In a similar manner, the exhaust air system includes a Venturi housing having two pressure zones provided in the air flow path for detecting air pressure at two points along that path. The detected pressures are again provided to a differential pressure circuit, which provides a signal indicating the air flow rate through the exhaust air system to a microcontroller circuit, which provides a signal to a fan interface circuit that controls the rotational speed of a fan located at the output of the Venturi housing and which controls air flow out of the system.
In another embodiment of the present invention, rack-level environmental monitoring and control is provided only by a supply air system, as described above and in more detail below.

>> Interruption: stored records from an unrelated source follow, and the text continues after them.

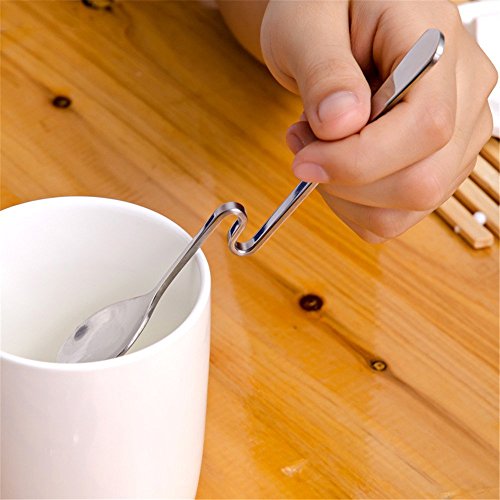 Product Description Made of stainless steel, durable and dishwasher safe Specifically designed coffee tea spoon with a curved handle to hang the spoon securely on jar, cup, mug, and bowl rims Keep your table surfaces clean Not only great for honey but also perfect for coffee,yogurt, ice cream, cheerios, pudding, cottage cheese Package includes 5 honey spoons 0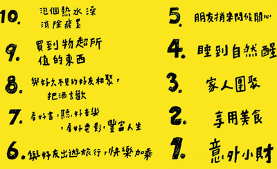 今年,兩岸的社會(huì)情緒“步調(diào)一致”,金秋時(shí)節(jié),大陸流行:你幸福嗎?時(shí)逢歲末,臺灣流行小確幸,兩岸不約而同地對幸福做出思考和解讀。臺灣小確幸的流行源于網(wǎng)絡(luò)上一個(gè)不到2分鐘的短片,短片名為“全民小幸福”,在動(dòng)感的背景音樂中,幾個(gè)快速的畫面配上一句結(jié)語,總結(jié)了10個(gè)小確幸,按順序?yàn)椋喊l(fā)個(gè)小財(cái);享用美食;家人團(tuán)聚;睡到自然醒;朋友捎來問候;與好友出游旅行;看好書,聽好音樂,看好電影;好久不見的朋友把酒言歡;買到物超所值的東西;累了一天泡個(gè)澡……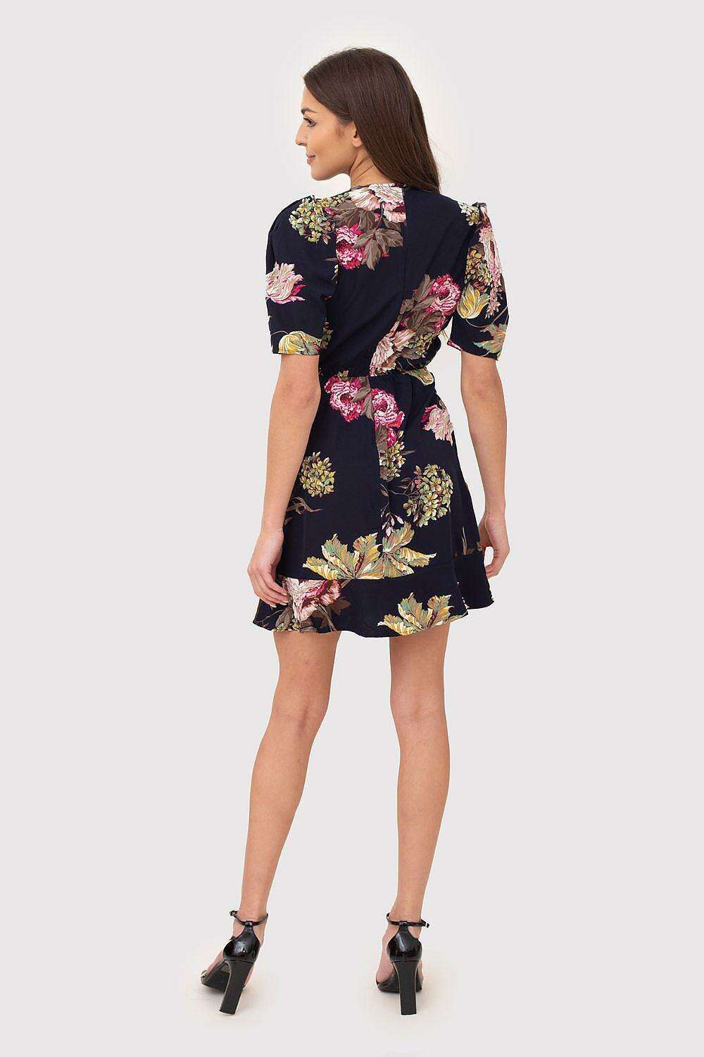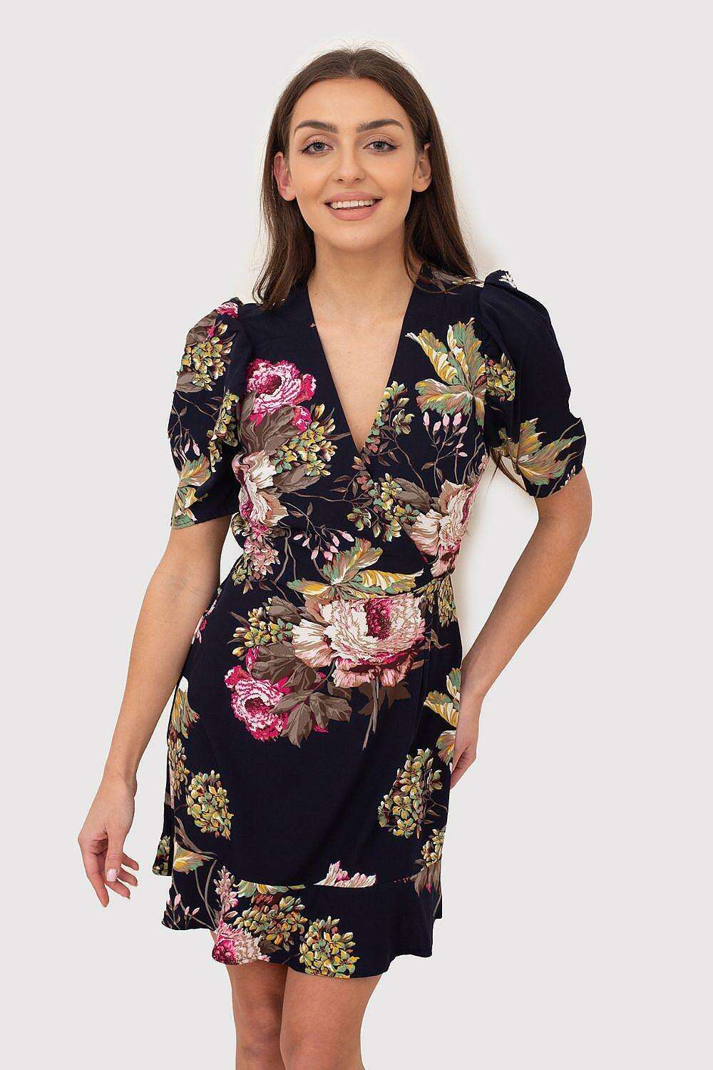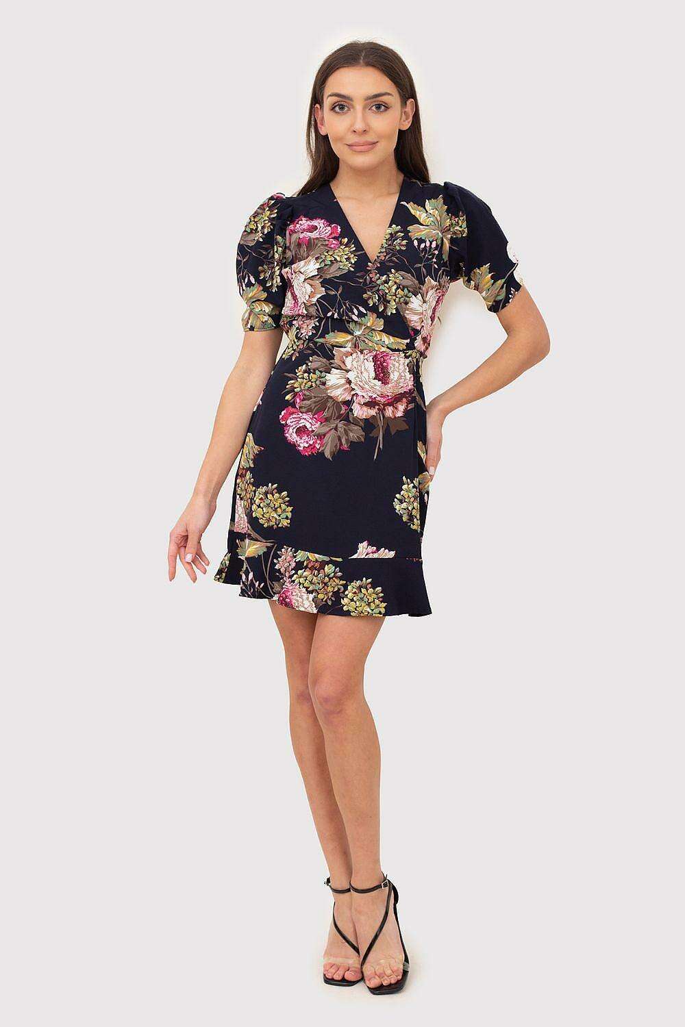 Floral Elegance V-Neck Mini Dress with Back Zip

In yet another embodiment of the present invention, cage-level environmental monitoring and control are provided. A Venturi tube is provided in a dummy cage (i.e., one that is not used to house an animal) and coupled to a controller that monitors the air flow rate through the Venturi tube (using a thermistor), and provides feedback to a rack-level control system to control the supply air system and, in effect, air flow at the cage level.
The present invention accordingly comprises the features of construction, combination of elements, arrangement of parts, which will be exemplified in the disclosure herein, and the scope of the present invention will be indicated in the claims.